Brd4 binds to acetylated lysine residues on histones [31] and also other nonhistone proteins [32], through its extraterminal domain [33]. The most studied Brd4’s non-histone targets is the human positive transcription elongation factor b (P-TEFb), which enables Brd4 regulation of RNA polymerase II-dependent gene transcription [17,34]. The increase in DNA recovery from the RNA polymerase ChIP (Figure 5C) would be consistent with transcriptional pause and the interaction of Brd4 with p-TEFb [17]. We therefore believe that JQ1, through binding the acetyl-lysine cavity [19], inhibits BET protein interaction with the acetylated histones. In doing so, it is unable to recruit either Oct2 or p-TEFb leading to reduced transcription and transcriptional pausing.
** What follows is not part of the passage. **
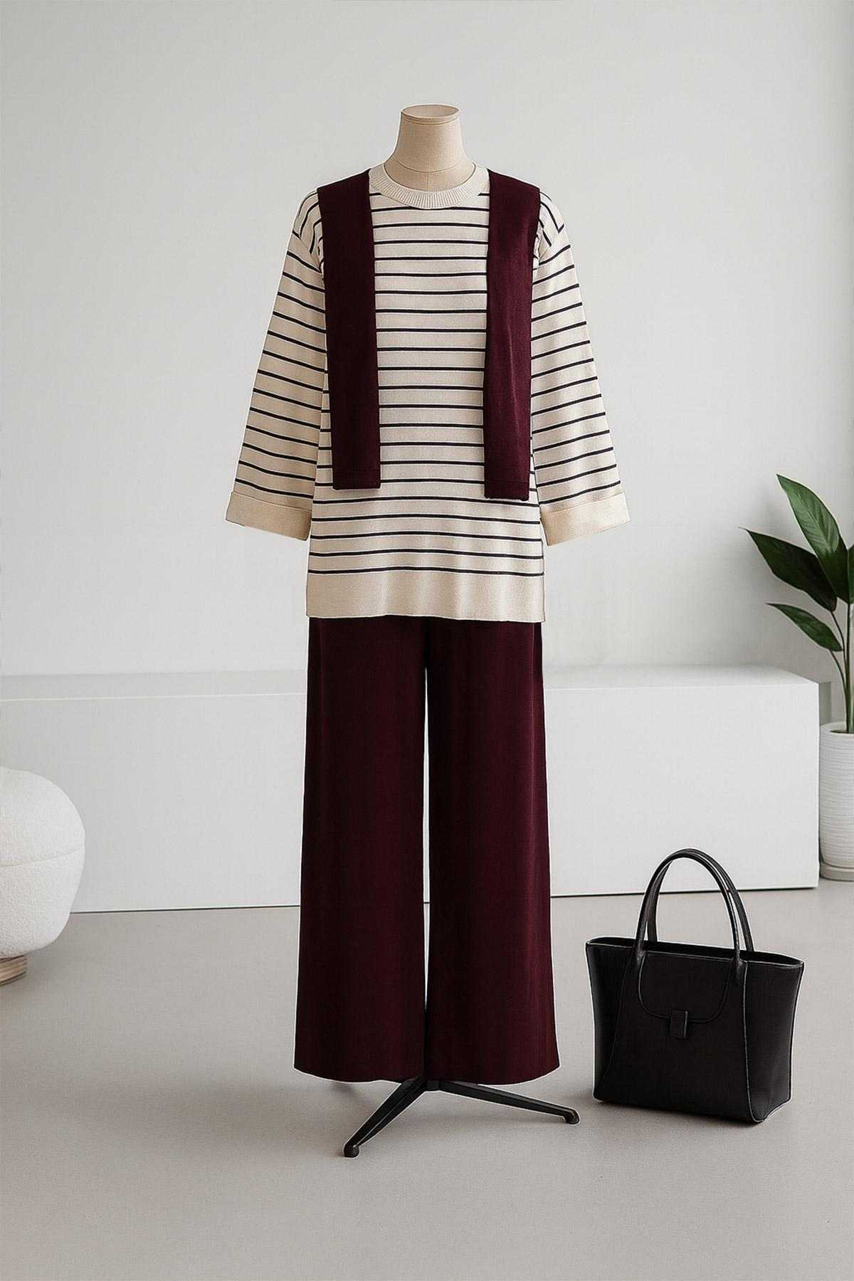 Üstü Çizgili Üçlü Pantolonlu Triko Takım Mürdüm

Other Brd4-associated nonhistone proteins include the RFC-140 subunit of human replication factor C [35], signal-induced proliferation-associated protein 1 (SPA-1) [36], NF-κB [37] and HPV-11 E2 protein [38]. Oct2 has previously been shown to undergo phosphorylation and glycosylation modifications [39], and may therefore also undergo acetylation allowing BET protein binding but whether this is the case is currently unknown. Oct2 protein has been previously shown to interact directly with the TBP [40], which is, in turn, part of the RNA polymerase II transcription initiation complex. Therefore, it is possible that Brd4 and Oct2 do not directly interact but are part of the same transcription complex. While our data indicate that Brd4 directly mediates Oct2 binding to the immunoglobulin promoter region, further research will be required to confirm this hypothesis.

While our research identifies a role for Brd4 in the regulation of immunoglobulin gene expression, this does not preclude a role for the other BET proteins. While JQ1 notably inhibits Brd4, it is a pan-BET inhibitor, including Brd2, Brd3 and T [19]. Brd2 and Brd3 have been shown to play independent roles in several cells of the immune system in both humans and mouse models [27]. Finally, knockdown of Brd2, Brd3 and Brd4 separately in noncancer cell systems has shown that the transcriptional profiles that result are quite independent, and also different from pan-BET inhibitor profiles [41].